Reproduce nothing but the lines from the start of the material through the line that includes "MC Hải Anh diện", both ends included, and omit every picture.

....

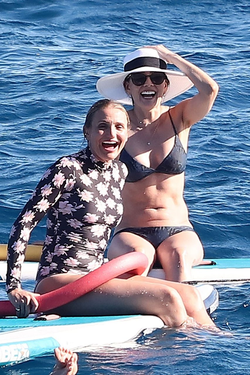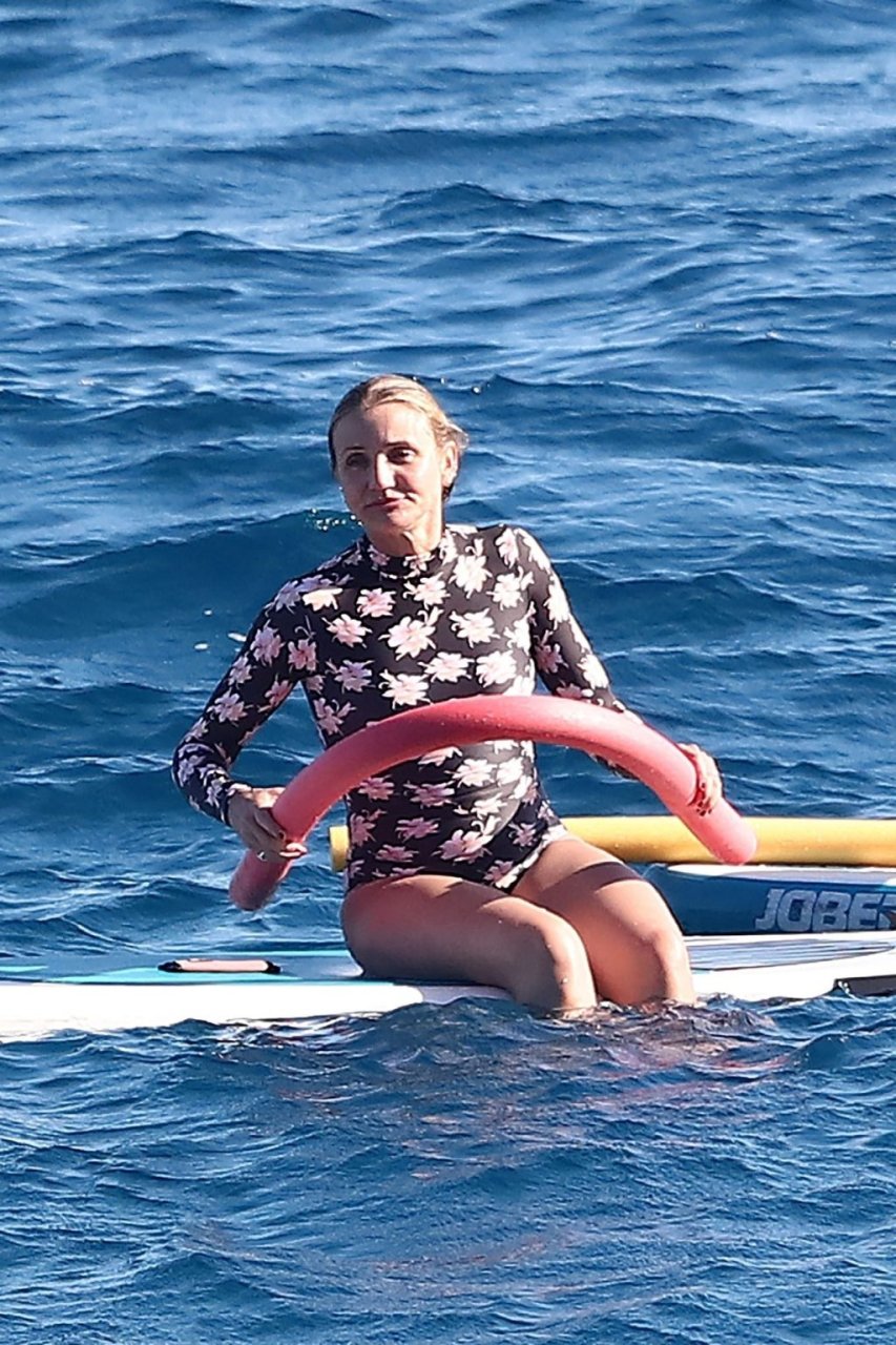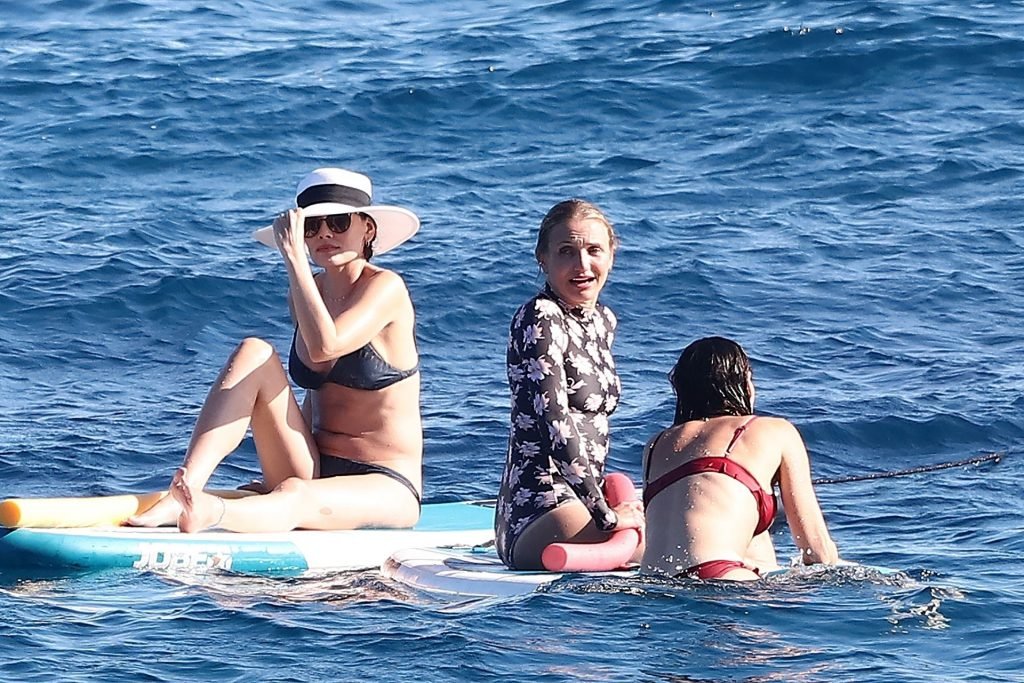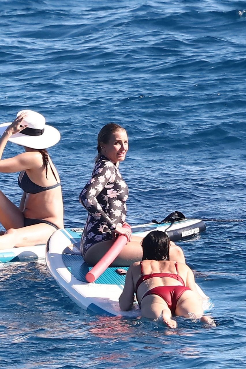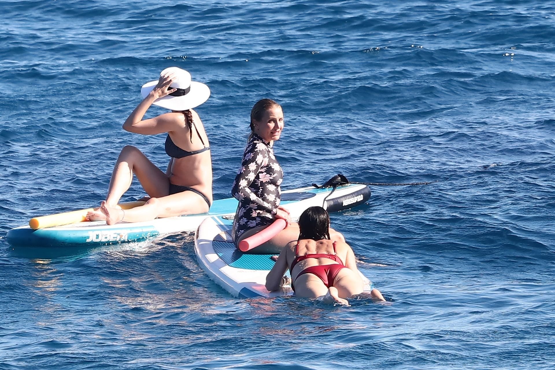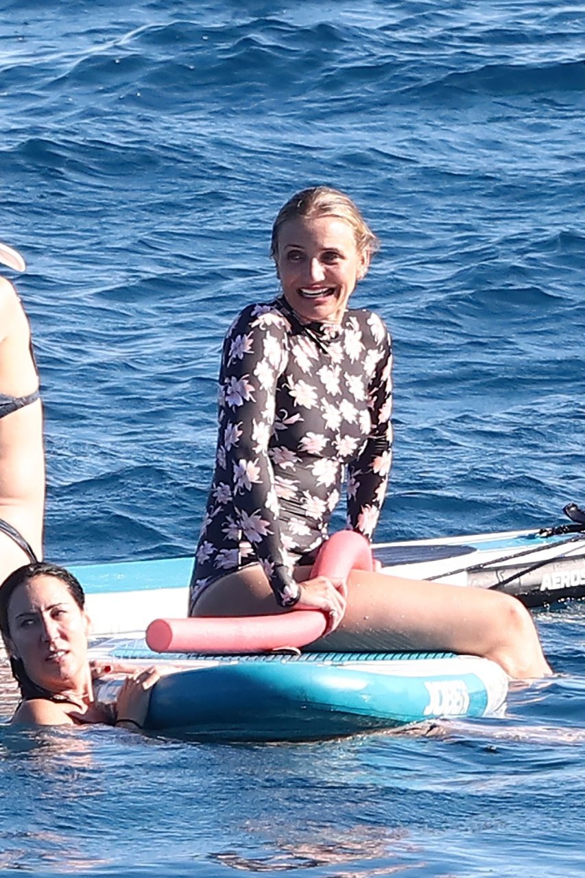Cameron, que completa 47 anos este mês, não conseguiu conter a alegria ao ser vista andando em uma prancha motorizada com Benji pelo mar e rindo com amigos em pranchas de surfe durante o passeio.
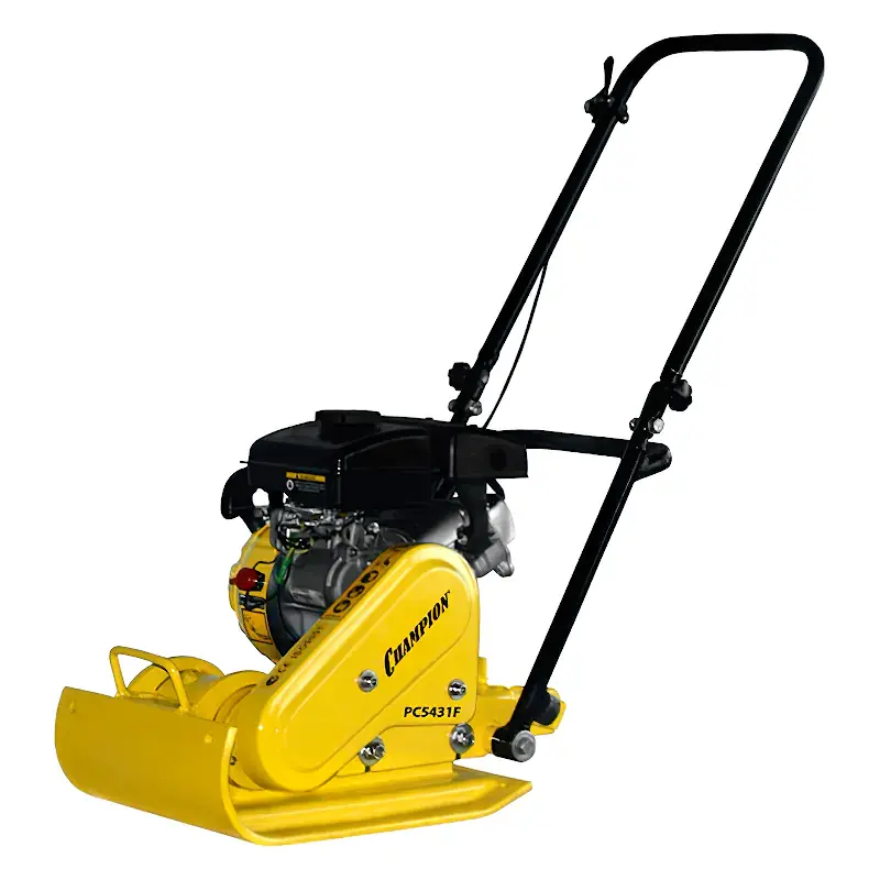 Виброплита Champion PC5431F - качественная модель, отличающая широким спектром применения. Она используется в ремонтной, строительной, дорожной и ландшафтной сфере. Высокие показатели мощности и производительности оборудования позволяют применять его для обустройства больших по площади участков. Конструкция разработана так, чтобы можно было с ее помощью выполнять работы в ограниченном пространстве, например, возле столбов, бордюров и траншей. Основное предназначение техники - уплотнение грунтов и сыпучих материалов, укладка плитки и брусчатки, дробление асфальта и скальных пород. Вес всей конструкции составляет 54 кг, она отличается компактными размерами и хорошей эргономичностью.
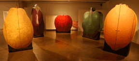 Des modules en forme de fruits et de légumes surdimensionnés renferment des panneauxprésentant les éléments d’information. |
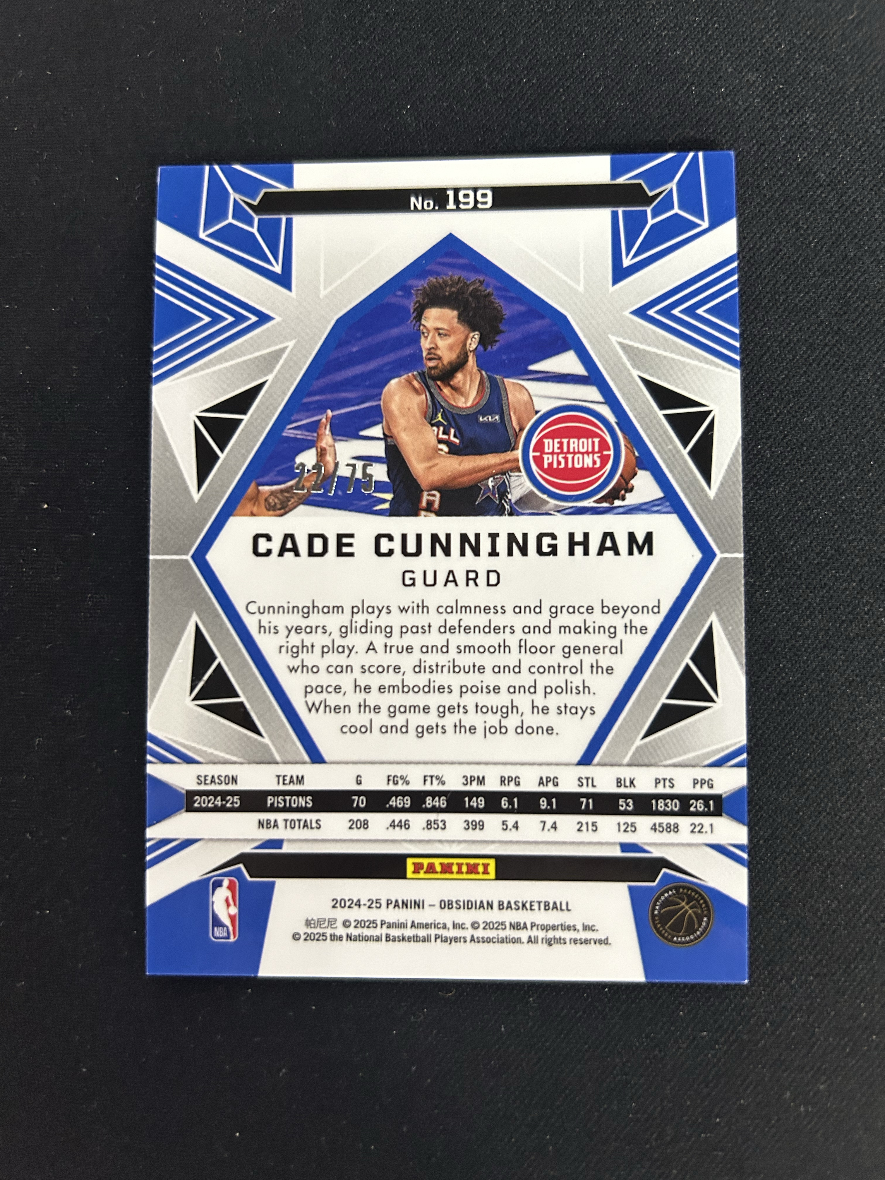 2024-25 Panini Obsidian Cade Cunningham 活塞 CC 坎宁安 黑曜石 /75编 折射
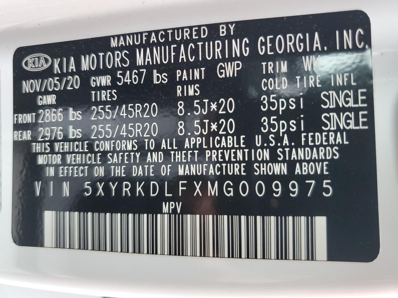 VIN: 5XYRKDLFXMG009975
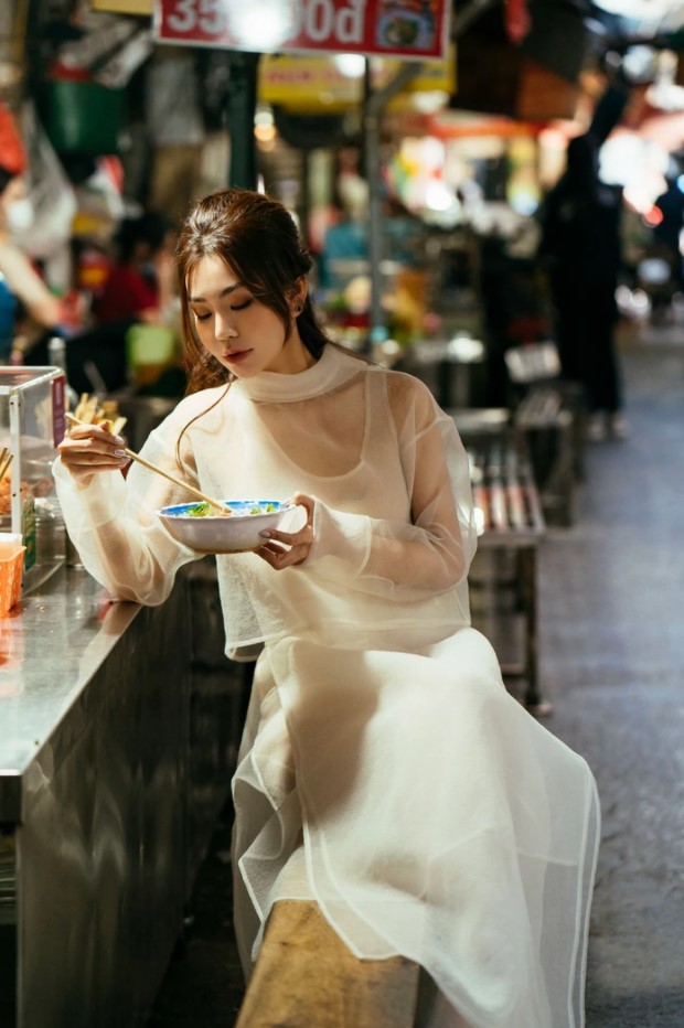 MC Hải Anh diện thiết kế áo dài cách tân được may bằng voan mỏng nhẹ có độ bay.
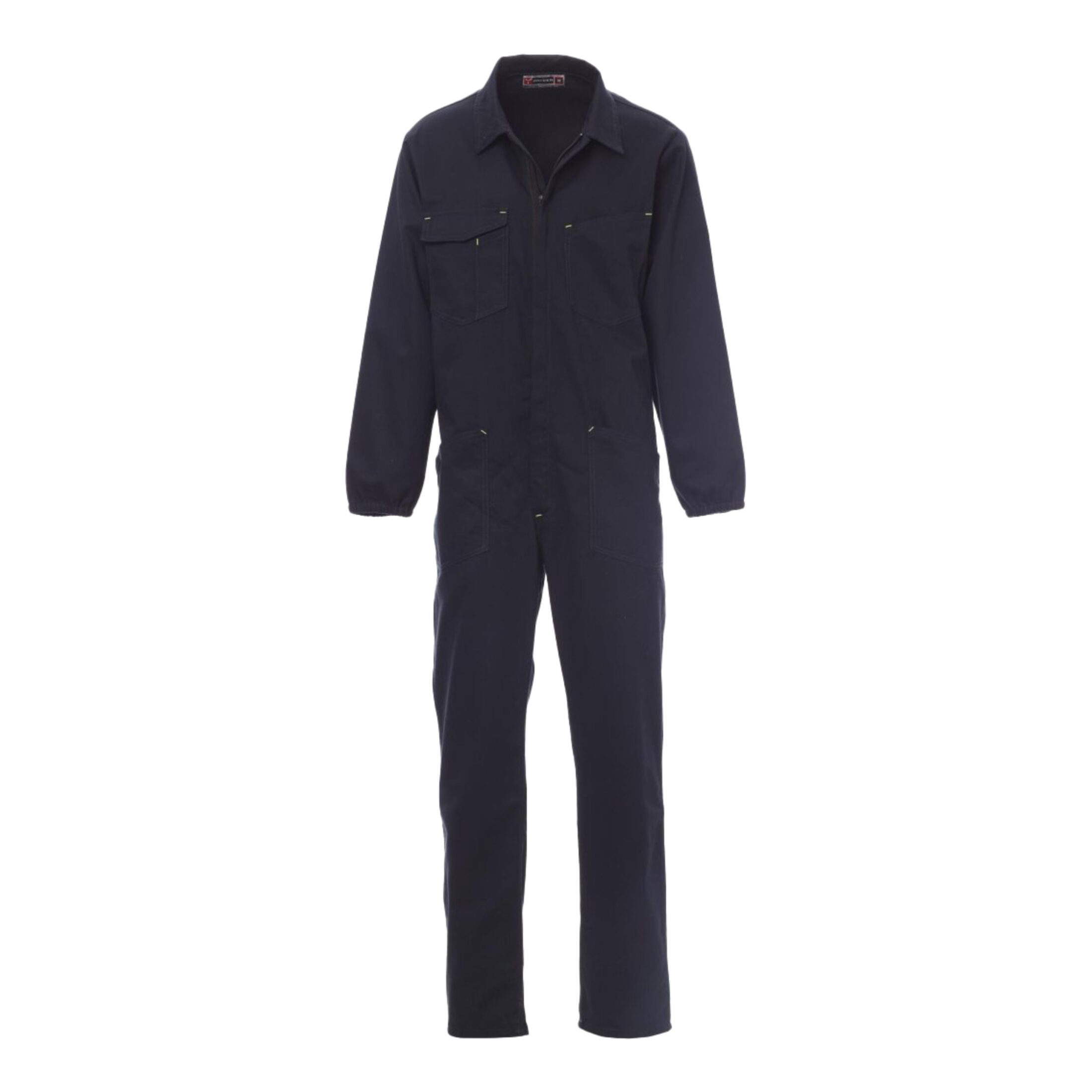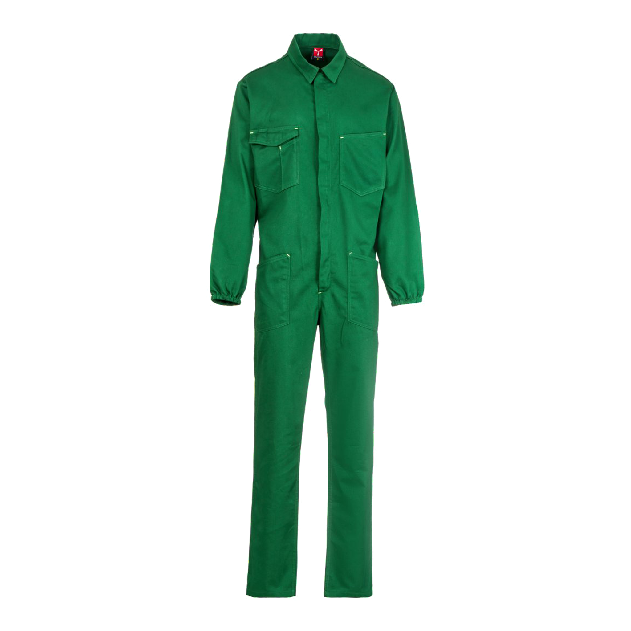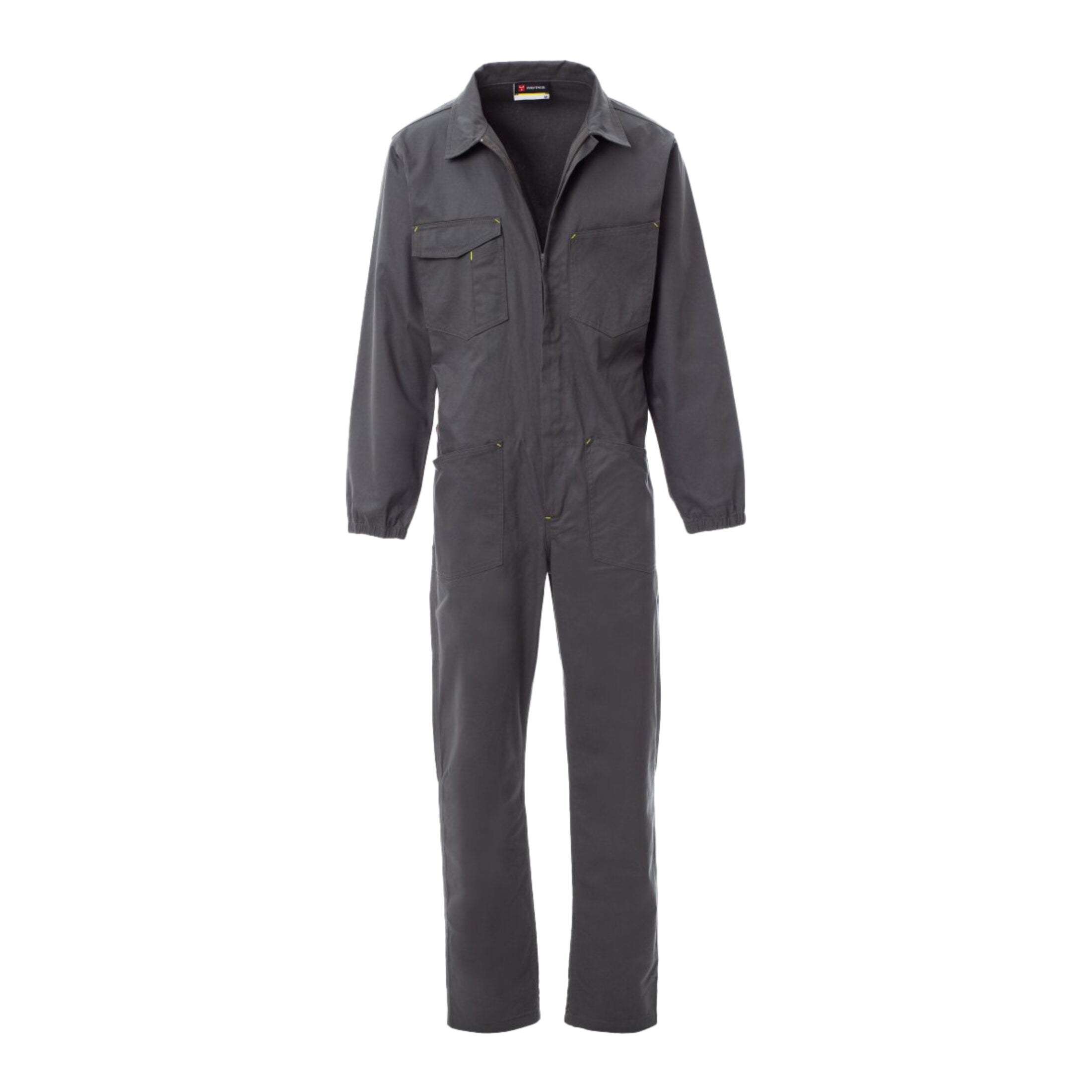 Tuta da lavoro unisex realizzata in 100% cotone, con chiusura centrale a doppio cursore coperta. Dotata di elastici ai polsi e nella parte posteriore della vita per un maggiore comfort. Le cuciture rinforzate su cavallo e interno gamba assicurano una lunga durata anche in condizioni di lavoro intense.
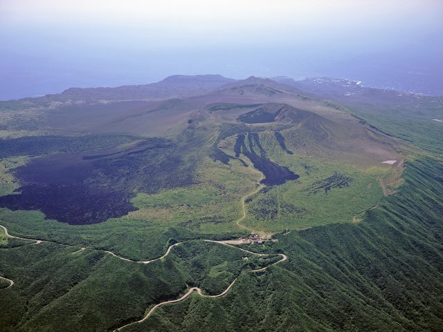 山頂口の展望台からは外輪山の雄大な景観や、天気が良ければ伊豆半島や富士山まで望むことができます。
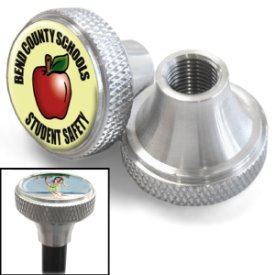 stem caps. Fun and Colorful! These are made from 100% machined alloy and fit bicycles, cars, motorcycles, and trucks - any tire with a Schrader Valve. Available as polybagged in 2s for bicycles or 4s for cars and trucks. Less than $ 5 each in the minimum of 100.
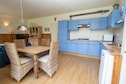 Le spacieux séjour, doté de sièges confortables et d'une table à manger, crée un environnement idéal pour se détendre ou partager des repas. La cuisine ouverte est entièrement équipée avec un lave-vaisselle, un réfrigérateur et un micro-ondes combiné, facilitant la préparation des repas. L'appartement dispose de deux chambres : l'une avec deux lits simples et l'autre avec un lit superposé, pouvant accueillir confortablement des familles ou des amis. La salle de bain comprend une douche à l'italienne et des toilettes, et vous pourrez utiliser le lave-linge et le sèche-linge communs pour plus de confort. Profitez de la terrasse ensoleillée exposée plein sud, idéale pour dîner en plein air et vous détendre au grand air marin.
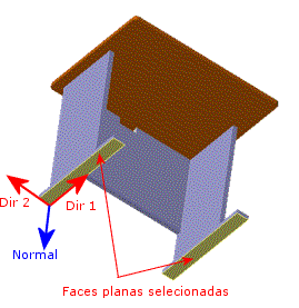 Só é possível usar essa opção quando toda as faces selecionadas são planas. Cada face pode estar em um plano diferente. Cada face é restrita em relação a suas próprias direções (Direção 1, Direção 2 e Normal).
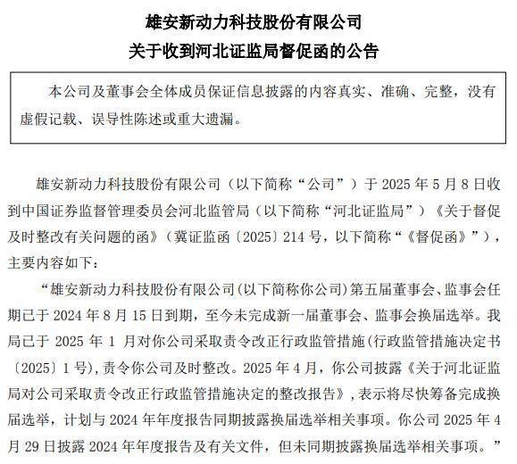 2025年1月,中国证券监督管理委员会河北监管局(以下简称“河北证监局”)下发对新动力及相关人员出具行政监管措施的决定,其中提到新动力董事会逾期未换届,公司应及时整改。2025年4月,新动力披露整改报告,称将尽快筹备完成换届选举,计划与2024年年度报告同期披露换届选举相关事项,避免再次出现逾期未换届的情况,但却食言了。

....

TASK SOLUTION:
Cameron, que completa 47 anos este mês, não conseguiu conter a alegria ao ser vista andando em uma prancha motorizada com Benji pelo mar e rindo com amigos em pranchas de surfe durante o passeio.
 Виброплита Champion PC5431F - качественная модель, отличающая широким спектром применения. Она используется в ремонтной, строительной, дорожной и ландшафтной сфере. Высокие показатели мощности и производительности оборудования позволяют применять его для обустройства больших по площади участков. Конструкция разработана так, чтобы можно было с ее помощью выполнять работы в ограниченном пространстве, например, возле столбов, бордюров и траншей. Основное предназначение техники - уплотнение грунтов и сыпучих материалов, укладка плитки и брусчатки, дробление асфальта и скальных пород. Вес всей конструкции составляет 54 кг, она отличается компактными размерами и хорошей эргономичностью.
 Des modules en forme de fruits et de légumes surdimensionnés renferment des panneauxprésentant les éléments d’information. |
 2024-25 Panini Obsidian Cade Cunningham 活塞 CC 坎宁安 黑曜石 /75编 折射
 VIN: 5XYRKDLFXMG009975
 MC Hải Anh diện thiết kế áo dài cách tân được may bằng voan mỏng nhẹ có độ bay.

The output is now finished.